Reading 4: RSI Below 30 = Strong Downward Momentum (NOT Always a Buy Signal)

When RSI crosses below 30, it means:

  • Price has been falling strongly
  • Selling pressure is intense
  • The market is "cold"

What beginners do wrong:

They see RSI below 30 and think: "It's oversold! Time to buy!"

Then they buy at what they think is a "discount"...

...and price keeps falling. RSI stays below 30 for days. Their account bleeds.

The correct interpretation:

RSI below 30 means WEAKNESS, not strength.

In a strong downtrend, RSI can stay oversold for a long time.

Example: Stock Crash

A stock crashes due to bad news. RSI drops to 25 and stays there for a month. Price falls from $100 to $50 during that time.

Traders who bought "because it's oversold" caught a falling knife.

The right approach:

  • In a downtrend: RSI below 30 is normal and expected. Don't buy just because of this.
  • In a ranging market: RSI hitting 30 might signal a bounce is coming (more on this later).

When to look for opportunities:

If RSI goes extremely low (like 15-20) and then starts turning back up toward 30, it can signal exhaustion—sellers might be running out of steam.

But you still need confirmation from price action (like a bullish candle at support).

Reading 5: RSI Crossing 50 (Momentum Shifts)

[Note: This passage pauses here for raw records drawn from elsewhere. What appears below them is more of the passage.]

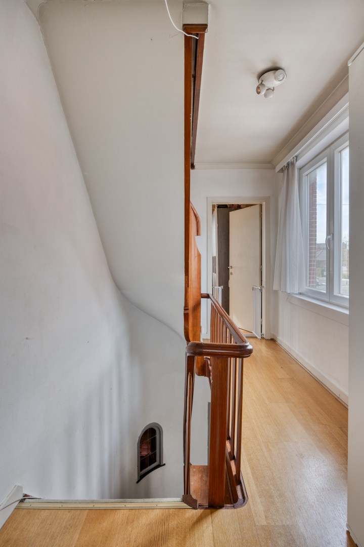 1ste verdiep: 2 ruime slaapkamers en 2de badkamer met toilet, lavabo en douche.
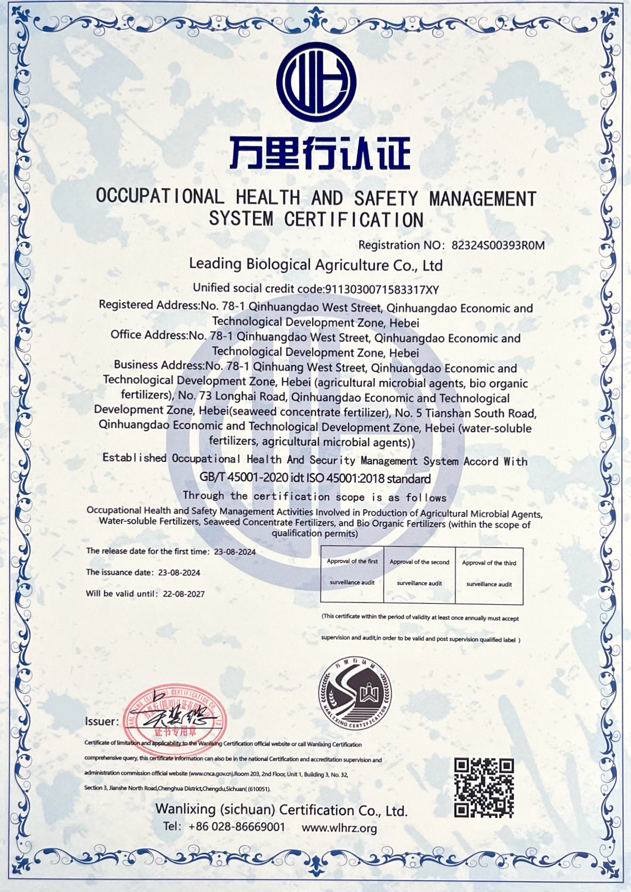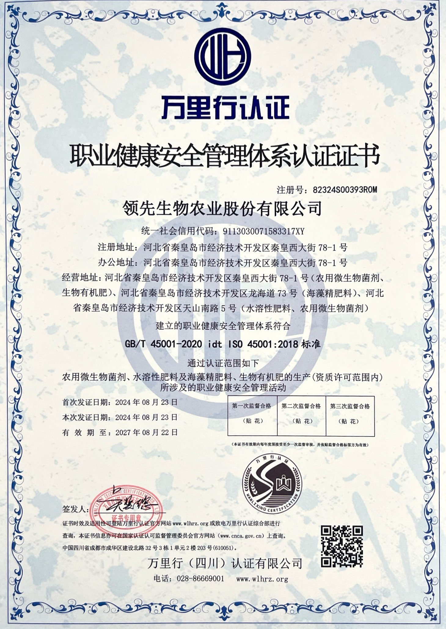 職業(yè)健康安全管理體系認(rèn)證證書
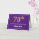 Elegant Faux Gold Look 70th Birthday, Name; Purple Card
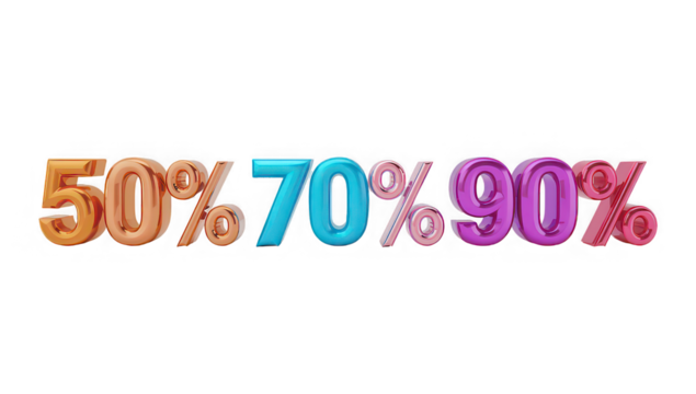 A colorful display of fifty seventy and ninety percent signs against a black background rendering

One of the most useful signals from RSI is when it crosses the 50 line.

Bullish momentum shift:

When RSI crosses from below 50 to above 50, it suggests:

  • Momentum is shifting from bearish to bullish
  • Buyers are starting to take control
  • This can confirm a trend change or the start of a new uptrend

Bearish momentum shift:

When RSI crosses from above 50 to below 50, it suggests:

  • Momentum is shifting from bullish to bearish
  • Sellers are starting to take control
  • This can confirm a trend change or the start of a new downtrend

How to use this:

Combine the 50-line cross with your Moving Average.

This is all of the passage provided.